We next asked if pUb could similarly release the RING2 domain and generate UbVS crosslinks. The assays used pUbΔG76 (pUb without the C-terminal glycine) for consistency with subsequent autoubiquitination assays where pUb interferes with the E2 discharging (Wauer et al, 2015b). Similar results were obtained with full-length pUb (Suppl. Figure S4). Surprisingly, pUbΔG76 was much more efficient than pUbl in producing crosslinks, which suggests that it has a higher affinity for the RING0 pUbl-binding site. Addition of pUbΔG76 to wild-type R0RBR led to detectable crosslinking at 20 µM and 50% at 200 µM. The R0RBR W403A mutant was again more sensitive with 50% crosslinking at 7 µM pUbΔG76 and 100% at higher concentrations. Assays with the K211N mutant confirmed that RING0 pUbl-site was required for pUb-induced crosslinks. In contrast, the mutations, H302A, A320R, and N273K, in the RING1 binding sites for pUb and the unphosphorylated Ubl domain had no effect on pUb activation of UbVS crosslinking (Suppl. Figure S4).

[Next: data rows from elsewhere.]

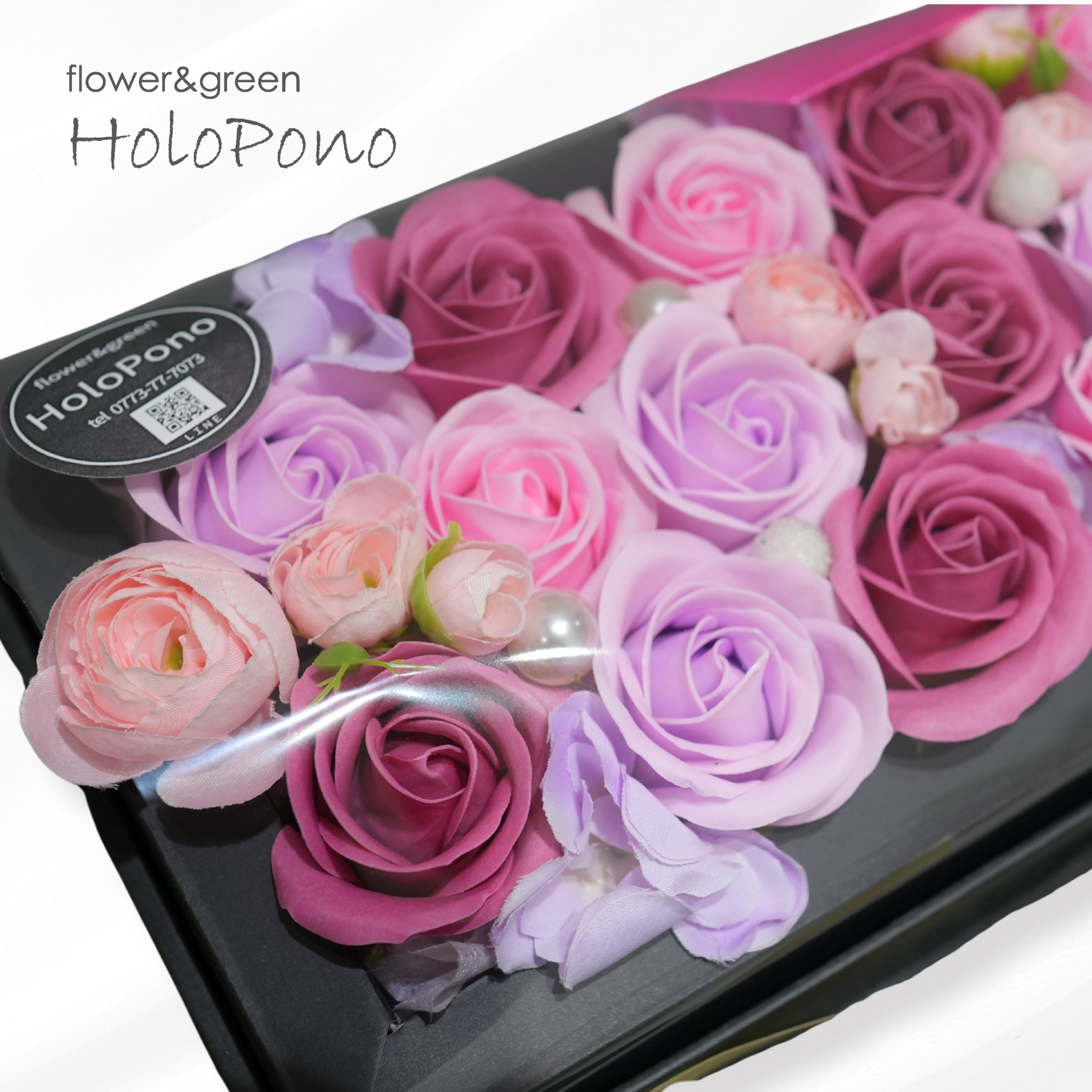 ■ 素材 石鹸素材(ソープフラワー)、ボックス(紙製・プラ窓等)、パール、リボン、アーティフィシャルフラワー(小花・葉) ※香りは鑑賞用としてほんのりと香る程度で、時間の経過とともに薄れます。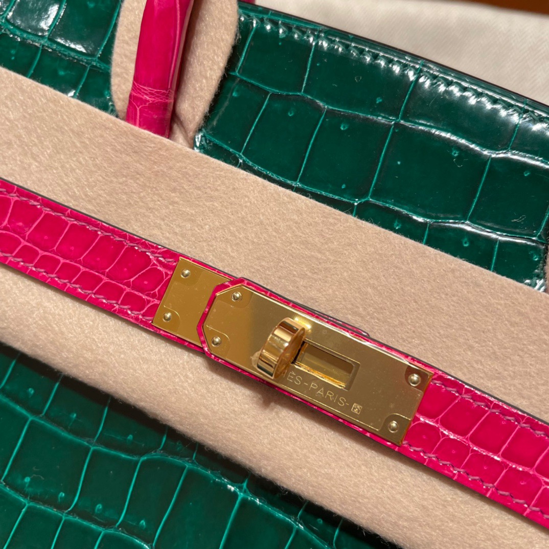 Birkin 30cm Alligator Porocus Shiny. 67 Emerald/5J Pink. Gold Buckle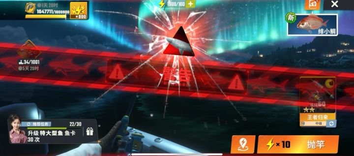 钓鱼的基本步骤: 抛竿>收线+摆杆>拉杆取鱼抛竿:很容易理解吧,就是甩杆,开干。收线:最核心的一个步骤了,这里我们需要注意线的张力,如果太大的话,可是会断的。摆杆:在收线过程张,有时候会需要我们通过摆杆来进一步消耗鱼的体力。反正我们只需要根据提示左右滑动就可以了。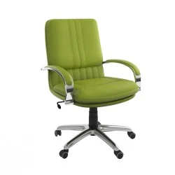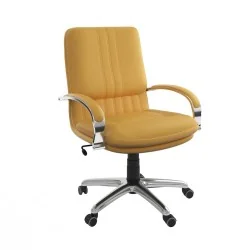 Assise et dossier rembourrés en mousse souple avec couche de dacron. Revêtement en simili cuir ou tissu. Accoudoirs fixe en métal chromé avec une partie rembourré, tapissé. Mécanisme tournant, roulant, réglable en hauteur et en inclinaison. Structure étoilée à 05 branches en métal couleur chromé avec 05 roulettes tournantes roulantes à double galets même matière.

In a second set of assays, we measured autoubiquitination of GST-R0RBR parkin upon addition of pUbl or pUb (Figure 2C). In agreement with the UbVS assays, addition of pUbl in trans activated parkin ligase activity detected by loss of the unmodified GST-R0RBR parkin and the formation of higher molecular weight bands. pUb was again more efficient than pUbl in releasing parkin autoinhibition and required 10-fold lower concentrations for activation. To confirm the importance of the RING0 Ubl-binding site for parkin activation, we again used a K211N mutant. No autoubiquitination of K211N GST-R0RBR was observed even at 200 µM pUb (Figure 2C).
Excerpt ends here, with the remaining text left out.